“No es el trabajo que quería, pero es un comienzo. Y si se abre una vacante de enfermería, volveré a solicitarla”.
“Paso a paso”, respondió su padre. “Dios nos cuida”.
Al día siguiente, en la enfermería, Lisa estaba fregando el suelo. Vivien, Stella y Becky se acercaron mascando chicle. “Oye, ¿no es esa la chica que vino a pedir el puesto de enfermera? ¡Y ahora, con un trapeador en la mano!”
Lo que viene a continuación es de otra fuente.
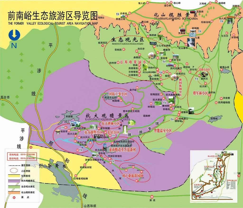 前南峪國家森林公園里有全國愛國主義教育示范基地——抗大陳列館、紀(jì)念碑和大型浮雕像;筆架山、練膽峽、斧劈峰、七星閣、文昌閣、澤后亭等景點(diǎn);萬邦珍果內(nèi)已有美國紅提葡萄、澳洲秋紅油桃和烏克蘭櫻桃等品種;萬株唐代板栗樹和西洋參、杜仲、丹參、金銀花等數(shù)十種保健藥用植物;還有14億年前的植物化石、古長城、志高厴、溫泉寺等古跡。

“La vida es injusta”, se burló Stella.
“Habrías estado mejor quedándote en casa”, añadió Vivien. “Aquí no contratamos a cualquiera. ¡Ve a limpiar los baños!”. Lisa se tragó las lágrimas y continuó.
James y Musa, que habían presenciado la escena, se sentaron a su lado.
“¿Estás bien?”, preguntó James.
“He pasado por cosas peores”, respondió Lisa con una leve sonrisa. “Mi padre me crio solo. Sé lo que son el hambre y la vergüenza. Se burlaron de mí cuando estaba embarazada en la escuela; dijeron que nunca me graduaría. Y lo hice. Así que sus palabras… ya no me afectan”.
“Eres fuerte”, dijo Musa.
“Criar a un hijo, trabajar duro… eso requiere valentía”, añadió James.
De repente, sonó el teléfono de Lisa:
“¿Hola?”
“¡Lisa, rápido! Blessing no está bien, está vomitando”, dijo la vecina en pánico.
“James, tengo que irme. Si preguntan por mí, por favor, cúbreme”.